[Start of Attachment]
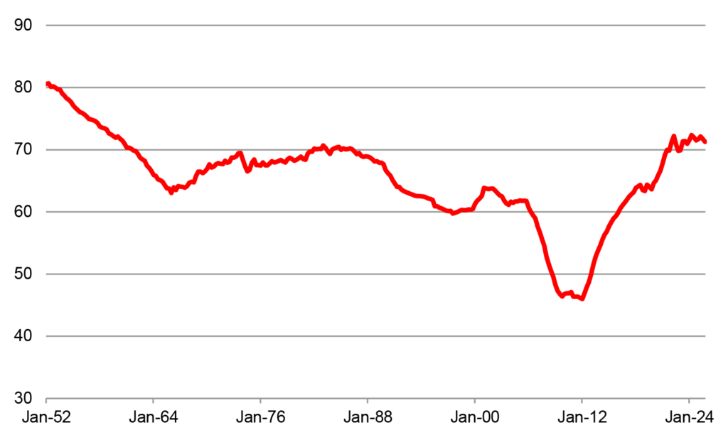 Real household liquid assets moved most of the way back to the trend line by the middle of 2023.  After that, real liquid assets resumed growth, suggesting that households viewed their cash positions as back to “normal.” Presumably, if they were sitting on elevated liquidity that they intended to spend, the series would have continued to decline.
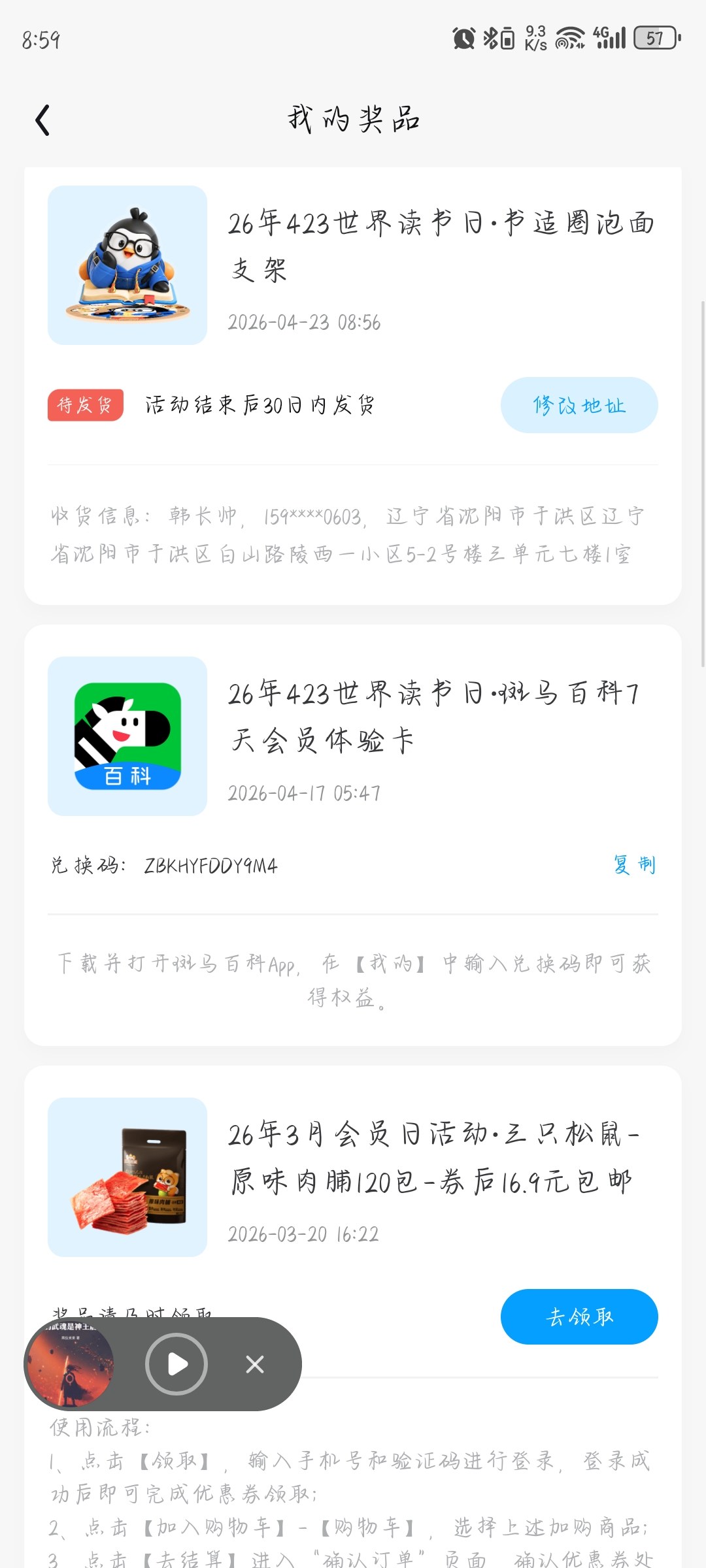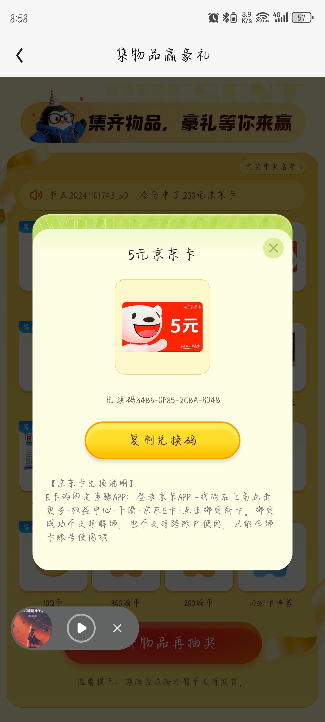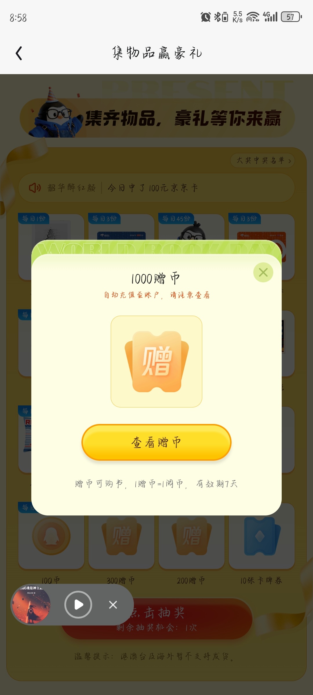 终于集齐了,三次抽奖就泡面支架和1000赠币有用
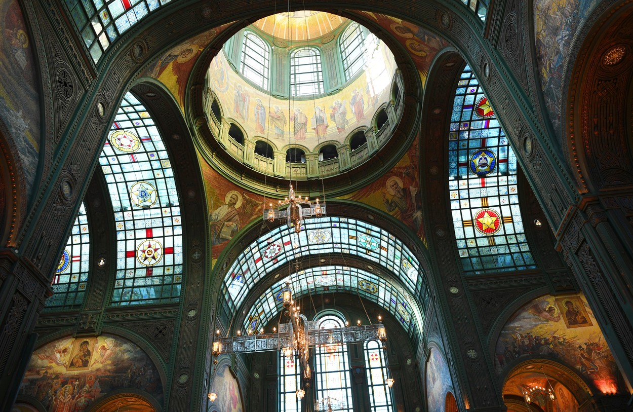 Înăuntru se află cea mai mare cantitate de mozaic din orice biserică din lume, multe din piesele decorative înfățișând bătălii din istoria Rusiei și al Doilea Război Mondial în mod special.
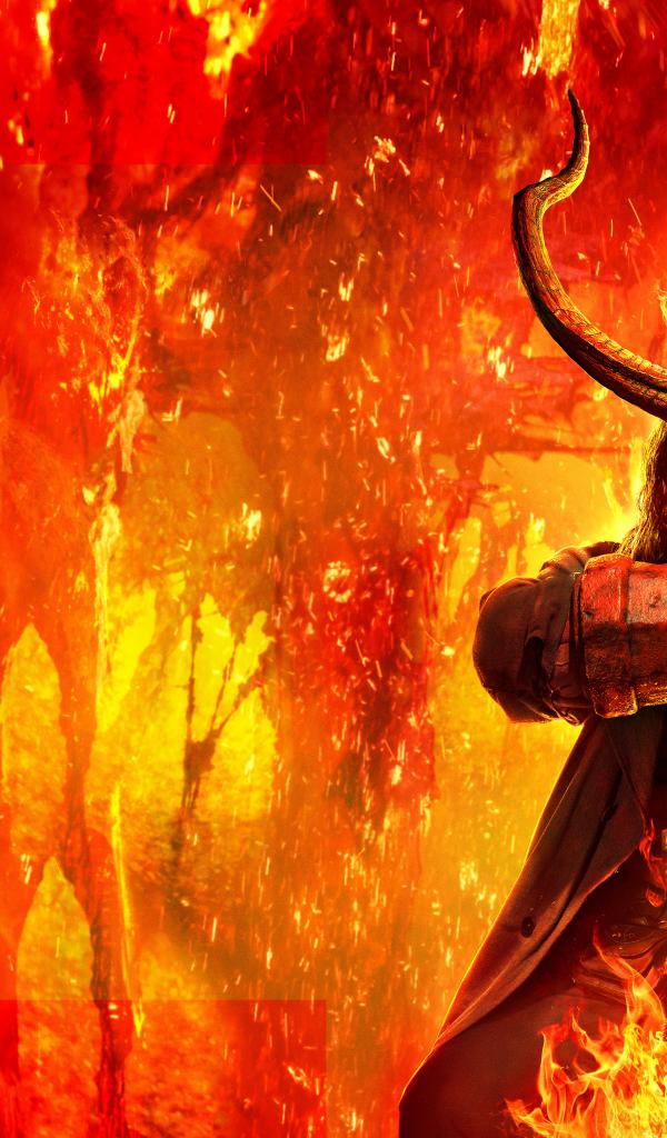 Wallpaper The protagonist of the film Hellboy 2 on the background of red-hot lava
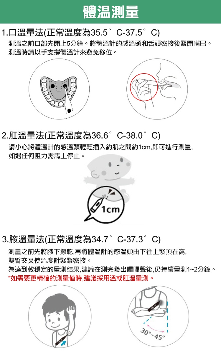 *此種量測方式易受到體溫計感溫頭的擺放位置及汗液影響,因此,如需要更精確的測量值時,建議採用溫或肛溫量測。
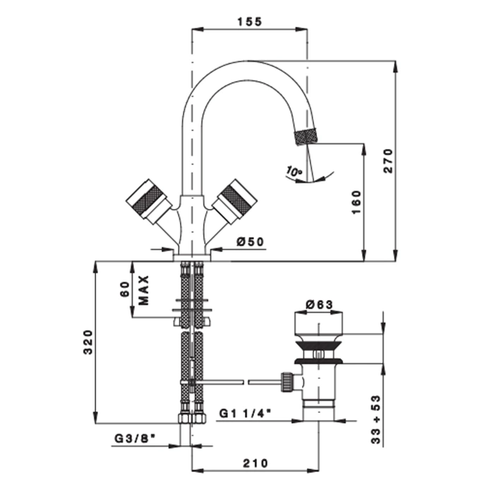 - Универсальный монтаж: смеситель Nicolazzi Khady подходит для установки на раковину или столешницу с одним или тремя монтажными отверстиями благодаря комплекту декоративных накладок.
[End of Attachment]
Although the records contain pictures, the output must hold only their exact wording.

 Real household liquid assets moved most of the way back to the trend line by the middle of 2023.  After that, real liquid assets resumed growth, suggesting that households viewed their cash positions as back to “normal.” Presumably, if they were sitting on elevated liquidity that they intended to spend, the series would have continued to decline.
 终于集齐了,三次抽奖就泡面支架和1000赠币有用
 Înăuntru se află cea mai mare cantitate de mozaic din orice biserică din lume, multe din piesele decorative înfățișând bătălii din istoria Rusiei și al Doilea Război Mondial în mod special.
 Wallpaper The protagonist of the film Hellboy 2 on the background of red-hot lava
 *此種量測方式易受到體溫計感溫頭的擺放位置及汗液影響,因此,如需要更精確的測量值時,建議採用溫或肛溫量測。
 - Универсальный монтаж: смеситель Nicolazzi Khady подходит для установки на раковину или столешницу с одним или тремя монтажными отверстиями благодаря комплекту декоративных накладок.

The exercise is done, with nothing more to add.